### Work to complete:
Using the data below, gather each line that includes the word "Lotus".

[Data items]
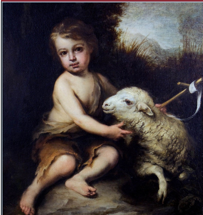
The Infant St. John the Baptist in the Wilderness (ca. 1670) By Bartolome Esteban Mu- rillo
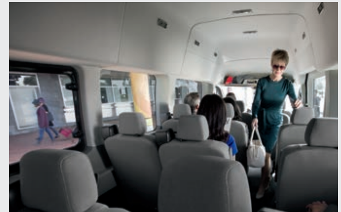
15-passenger XLT HR LWB EL cloth-trimmed interior in Pewter with available equipment.
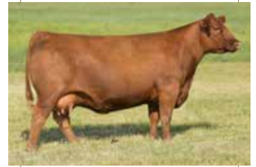
C-BAR MISS MIMI 458B Maternal Granddam of Lot 20
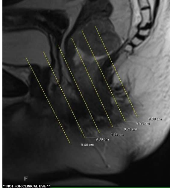
oblique coronal angulation (parallel to the long axis of the anal canal in the sagittal plane)
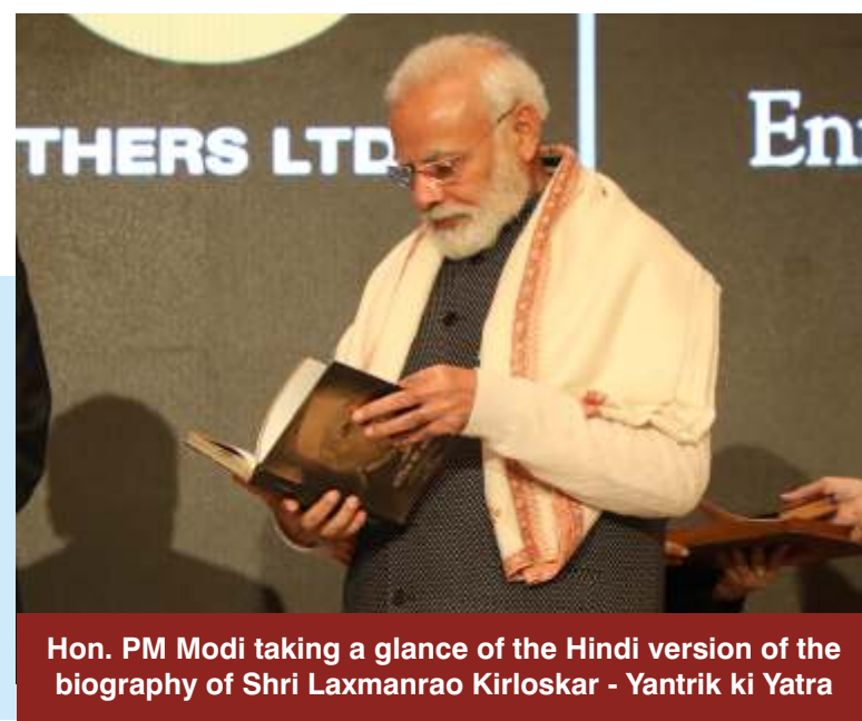
Hon. PM Modi taking a glance of the Hindi version of the biography of Shri Laxmanrao Kirloskar - Yantrik ki Yatra
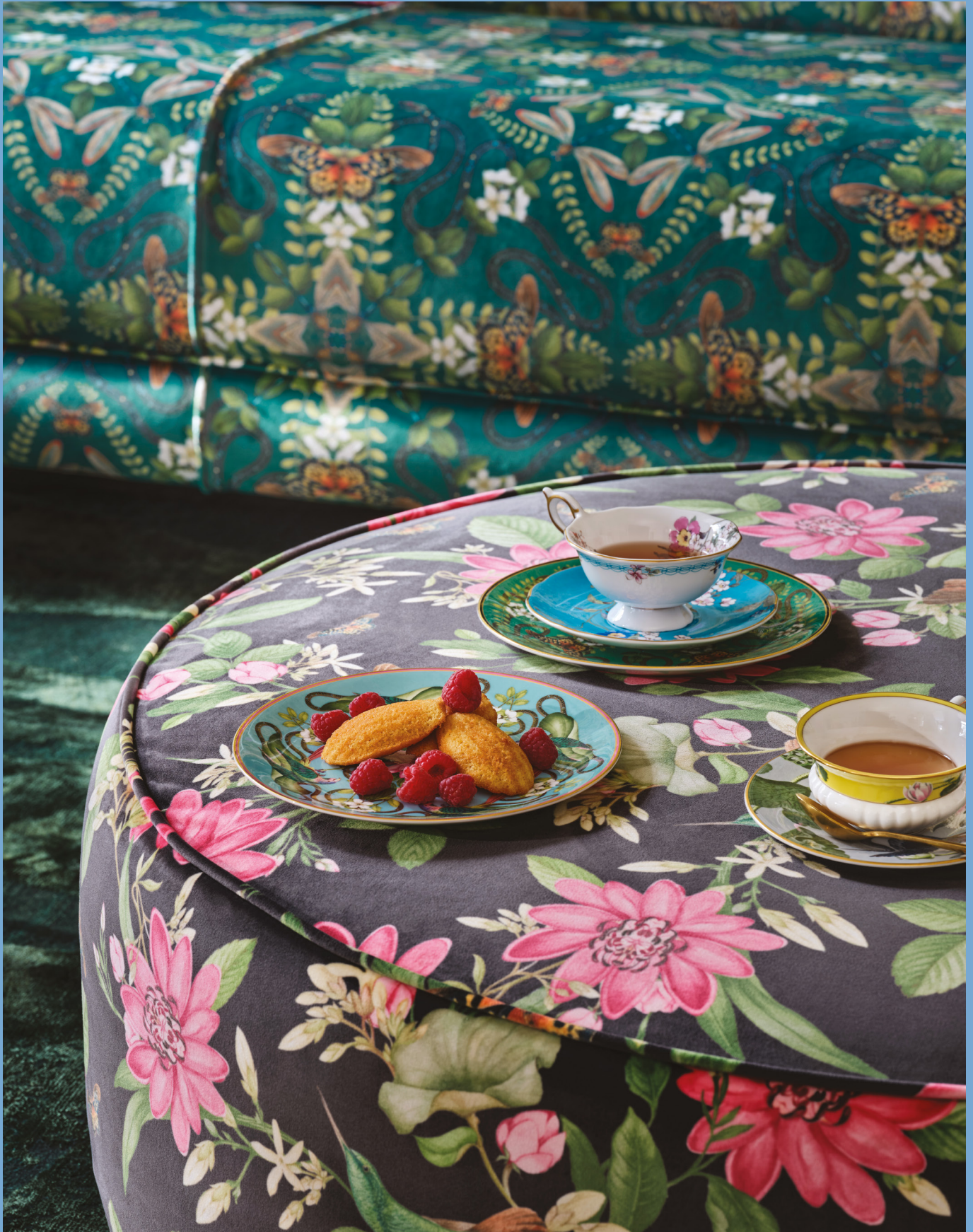
Sofa: Emerald Forest Teal Velvet Fabric Drum: Pink Lotus Noir Velvet Fabric Ceramics left to right: Wonderlust Menagerie Plate, Wonderlust Emerald Forest Plate, Wonderlust Apple Blossom Teacup & Saucer, Wonderlust Waterlily Teacup & Saucer

A symbol of inner wisdom and the sanctity of daily life, the Pink Lotus is considered a sacred flower in the tropics of Asia. Typically found in marshy swamps, it produces gigantic fragrant blossoms and leaves, a haven for flying insects such as jewelled dragonflies. The delicate balance of daily life is celebrated in this bold and beautiful pattern.

### Solution:
Sofa: Emerald Forest Teal Velvet Fabric Drum: Pink Lotus Noir Velvet Fabric Ceramics left to right: Wonderlust Menagerie Plate, Wonderlust Emerald Forest Plate, Wonderlust Apple Blossom Teacup & Saucer, Wonderlust Waterlily Teacup & Saucer
A symbol of inner wisdom and the sanctity of daily life, the Pink Lotus is considered a sacred flower in the tropics of Asia. Typically found in marshy swamps, it produces gigantic fragrant blossoms and leaves, a haven for flying insects such as jewelled dragonflies. The delicate balance of daily life is celebrated in this bold and beautiful pattern.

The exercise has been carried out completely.